Ahmad, Muslim, dan para pemilik kitab Sunan)
Dari Abdullah
bin Sirjis, ia berkata, “Ada seorang yang masuk ke masjid sedangkan Rasulullah
shallallahu ‘alaihi wa sallam melakukan shalat Subuh, lalu ia shalat dulu dua
rakaat di pojok masjid kemudian masuk shalat bersama Rasulullah shallallahu
‘alaihi wa sallam. Ketika Rasulullah shallallahu ‘alaihi wa sallam mengucapkan
salam, maka Beliau bersabda, “Wahai fulan! Shalat (Subuh) mana yang kamu
anggap? Shalatmu ketika sendiri atau shalatmu ketika bersama kami?” (HR.
Muslim, Abu Dawud, dan Nasa’i)
Pengingkaran
yang dilakukan Rasulullah shallallahu ‘alaihi wa sallam dengan tanpa menyuruh
orang itu mengulangi shalatnya menunjukkan sahnya shalat tersebut meskipun
makruh. Dari Ibnu Abbas, ia berkata, “Aku pernah shalat, namun muazin sudah
mulai iqamat, maka Nabi Allah shallallahu ‘alaihi wa sallam menarikku dan bersabda,
“Apakah kamu shalat Subuh empat rakaat?” (HR. Baihaqi, Thabrani, Abu Dawud Ath
Thayalisi, Abu Ya’la, dan Hakim ia berkata, “Hadits tersebut sesuai syarat
Bukhari dan Muslim.”)
Dari Abu Musa Al
Asy’ariy radhiyallahu ‘anhu, bahwa Rasulullah shallallahu ‘alaihi wa sallam
pernah melihat seorang shalat (sunah) dua rakaat Subuh ketika muazin sudah
iqamat, maka Beliau memegang pundaknya dan bersabda, “Bukankah shalat ini
sebelum dilakukan ini (iqamat)?” (HR. Thabrani, Al Iraqi berkata, “Isnadnya
jayyid.”)
Abu Bakr Al
Jazairiy berkata, “Tidak boleh memulai melakukan shalat sunah ketika shalat
fardhu telah diiqamatkan.
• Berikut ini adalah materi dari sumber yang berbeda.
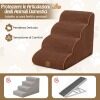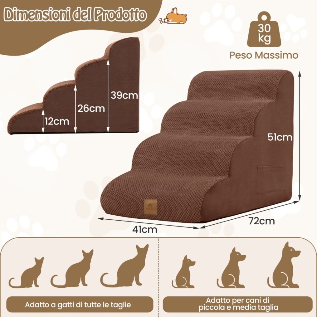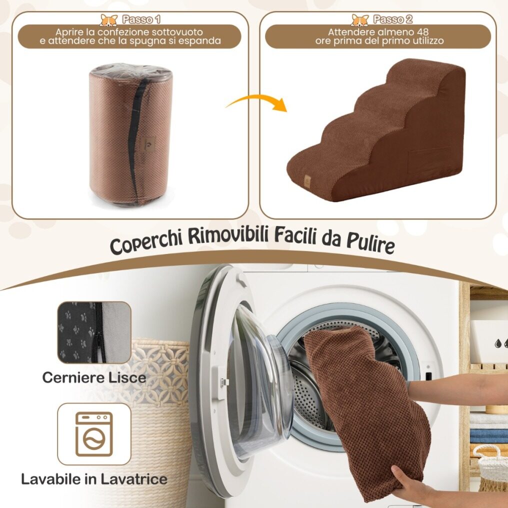 Our 4-tier foam dog ramp measures 72 x 41 x 51 cm (L x W x H) and features 4 steps, helping your lovely pets get up and down from high places. Compared to regular dog stairs, our dog ramp is supported by high-density foam, which offers an ultra-soft touch and recovers quickly for better support. The gentle slope design is gentle on pets' joints and effectively reduces the strain on their paws from constant jumping up and down. The surface is made of premium suede fabric, and the bottom is designed with silicone paw prints to improve friction, preventing dogs from slipping when moving on it. The ramp cover is zippered so it can be removed for cleaning and is machine washable. Please note: For ease of transportation, the dog ramp uses vacuum compression packaging and may take some time (48 hours or more, depending on ambient temperature) to fully fold up.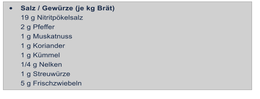 Salz / Gewürze (je kg Brät)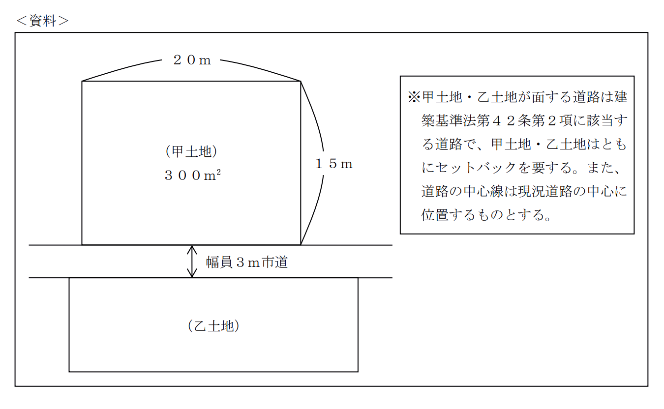 下記<資料>の甲土地の建築面積の最高限度を算出する基礎となる敷地面積として、正しいものはどれか。なお、この土地の存する区域は、特定行政庁が指定する区域に該当しないものとし、その他記載のない条件については一切考慮しないこととする。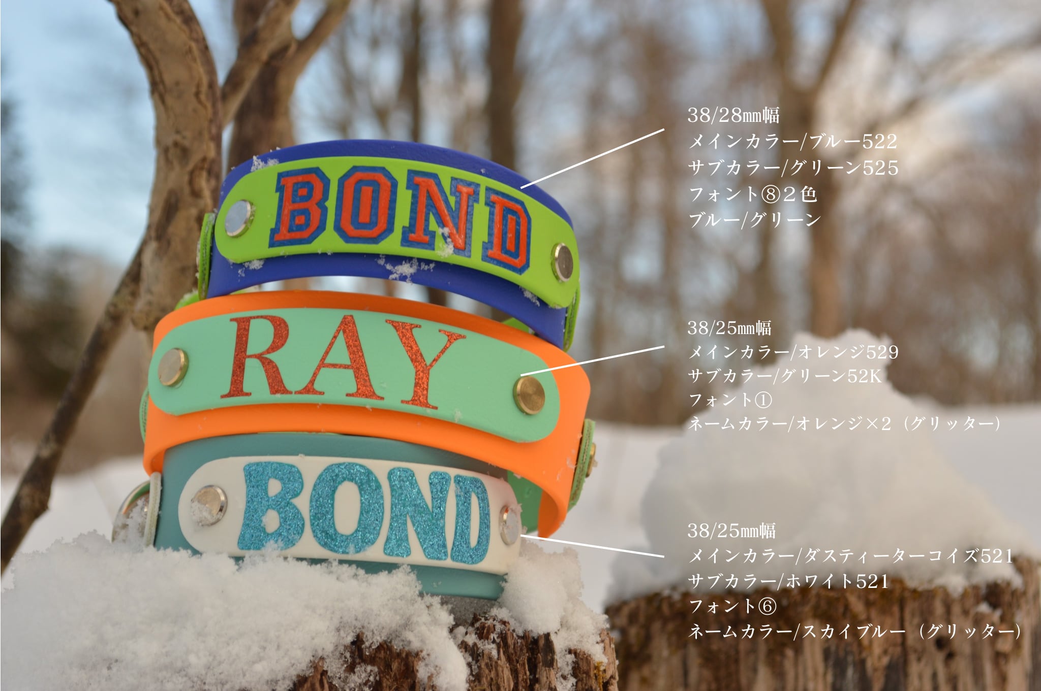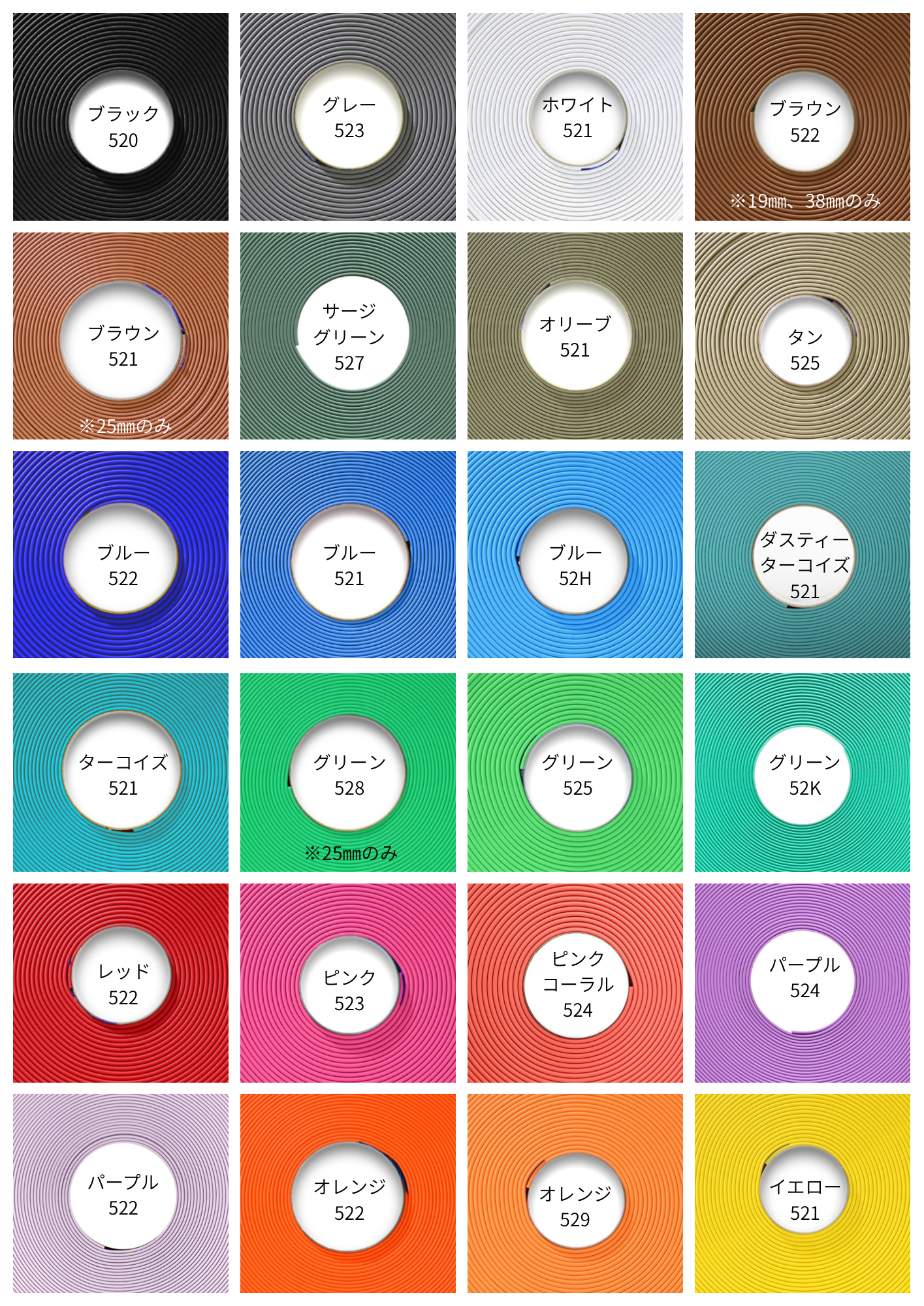 メインカラー38㎜幅、サブカラー25㎜幅

Jika ternyata sudah iqamat, namun ia sedang melakukan
shalat sunah, maka hendaknya ia putuskan jika rakaatnya belum sampai bangun
dari ruku. Jika sudah, maka ia sempurnakan secara ringan.” (Minhajul Muslim
hal. 185)
Wallahu a'lam, wa shallallahu 'ala Nabiyyina Muhammad wa
'alaa aalihi wa shahbihi wa sallam, wa akhiru da’wana anil hamdulillahi Rabbil
’alamin.
Marwan bin Musa
Maraji’: Fiqhussunnah (S. Sabiq), Minhajul Muslim (Abu Bakr Al
Jaza’iriy), Maktabah Syamilah versi 3.45, dll.
[i] Imam Nawawi
berkata, “Setan mendekatkan kepalanya kepada matahari pada waktu-waktu itu agar
orang-orang kafir yang bersujud kepada matahari seakan seperti bersujud
kepadanya dalam gambaran. Ketika itulah, setan dan para pengikutnya tampak
mempunyai kekuatan dan mampu mengelabui orang-orang yang shalat dalam
shalatnya, maka dimakruhkan shalat pada saat ini untuk menjaga shalat itu
sebagaimana dimakruhkan shalat di tempat-tempat yang ditempati setan.”